2026-06-04 // 7 min affects: claude-code, github-copilot, openai-codex, openclaw

What is this?

In June 2026, Adversa AI published the AI Risk Quadrant (AIRQ), an independent assessment that scores 100 commercial and publicly available AI agents across ten classes. The methodology was built with contributors and reviewers drawn from OWASP, CoSAI, the Cloud Security Alliance and NIST, and both the framework and the report are released open and free. As covered by Help Net Security on June 3, 2026, it is positioned as the first comparative security rating for agentic products — the kind of vendor-neutral baseline buyers have lacked.
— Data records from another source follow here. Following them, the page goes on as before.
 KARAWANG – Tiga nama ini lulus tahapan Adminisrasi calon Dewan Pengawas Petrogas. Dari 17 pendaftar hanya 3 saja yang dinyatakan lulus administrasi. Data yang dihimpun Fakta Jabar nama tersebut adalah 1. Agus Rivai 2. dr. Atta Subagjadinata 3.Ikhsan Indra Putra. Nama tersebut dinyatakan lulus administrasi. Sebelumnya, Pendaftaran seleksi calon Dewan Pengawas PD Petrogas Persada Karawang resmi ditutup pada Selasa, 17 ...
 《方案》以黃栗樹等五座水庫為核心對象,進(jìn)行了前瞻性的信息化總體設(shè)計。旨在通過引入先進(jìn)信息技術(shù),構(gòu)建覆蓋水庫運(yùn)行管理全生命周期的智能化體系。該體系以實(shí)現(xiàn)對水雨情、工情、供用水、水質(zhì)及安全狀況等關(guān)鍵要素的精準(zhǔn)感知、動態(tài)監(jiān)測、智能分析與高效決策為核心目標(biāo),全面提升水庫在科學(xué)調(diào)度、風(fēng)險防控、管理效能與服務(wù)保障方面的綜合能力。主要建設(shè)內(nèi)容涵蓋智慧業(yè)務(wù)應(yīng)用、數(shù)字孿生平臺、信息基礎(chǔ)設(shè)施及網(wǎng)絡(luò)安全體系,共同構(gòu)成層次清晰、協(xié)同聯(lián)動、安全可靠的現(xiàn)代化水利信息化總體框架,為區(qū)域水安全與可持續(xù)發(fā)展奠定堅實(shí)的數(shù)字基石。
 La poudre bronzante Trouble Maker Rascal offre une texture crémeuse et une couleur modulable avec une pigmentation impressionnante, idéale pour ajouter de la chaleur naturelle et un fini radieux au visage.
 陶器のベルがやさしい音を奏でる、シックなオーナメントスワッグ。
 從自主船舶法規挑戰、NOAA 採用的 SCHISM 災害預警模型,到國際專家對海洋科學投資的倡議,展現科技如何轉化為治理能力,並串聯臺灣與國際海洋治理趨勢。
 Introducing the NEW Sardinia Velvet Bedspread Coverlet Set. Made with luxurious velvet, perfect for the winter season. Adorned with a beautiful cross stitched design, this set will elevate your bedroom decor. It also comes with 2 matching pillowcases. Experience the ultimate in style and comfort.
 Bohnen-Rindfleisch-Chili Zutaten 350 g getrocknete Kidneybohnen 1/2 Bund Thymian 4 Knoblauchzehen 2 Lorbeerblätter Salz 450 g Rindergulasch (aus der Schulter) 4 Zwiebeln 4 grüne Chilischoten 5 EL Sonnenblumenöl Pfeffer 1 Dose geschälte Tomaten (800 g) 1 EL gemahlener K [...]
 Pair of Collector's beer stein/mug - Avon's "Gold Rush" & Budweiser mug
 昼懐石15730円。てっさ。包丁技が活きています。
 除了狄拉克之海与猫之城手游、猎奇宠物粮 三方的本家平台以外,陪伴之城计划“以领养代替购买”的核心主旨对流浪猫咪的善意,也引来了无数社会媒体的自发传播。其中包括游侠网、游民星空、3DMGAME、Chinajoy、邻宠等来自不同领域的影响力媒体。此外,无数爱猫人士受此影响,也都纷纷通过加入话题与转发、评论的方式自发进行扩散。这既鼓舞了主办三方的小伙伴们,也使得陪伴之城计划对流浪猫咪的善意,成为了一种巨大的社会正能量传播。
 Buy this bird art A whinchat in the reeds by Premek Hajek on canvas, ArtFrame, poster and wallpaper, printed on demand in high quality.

The headline finding is blunt: 98% of the scored agents already carry the “lethal trifecta”, and only 11% are both highly capable and well-defended. We are covering it because it converts a familiar architectural warning into measured, comparable numbers — exactly the artifact security teams can take to a procurement review.

How it works

AIRQ is a scoring framework, not an attack. It rates each agent on three independent axes plus an evidence layer:

Axis                  Question it answers
--------------------  -----------------------------------------------
Attack surface        How exposed is the agent across its input and
                      execution paths?
Blast radius          How bad is it if the agent is compromised —
                      what data and actions does it reach?
Defensive controls    What actually stops an attack: constrained
                      identity, execution isolation, approval gates?
Evidence layer        How strong is the public proof for each
                      claimed control? (source code / third-party
                      assessment > vendor datasheet)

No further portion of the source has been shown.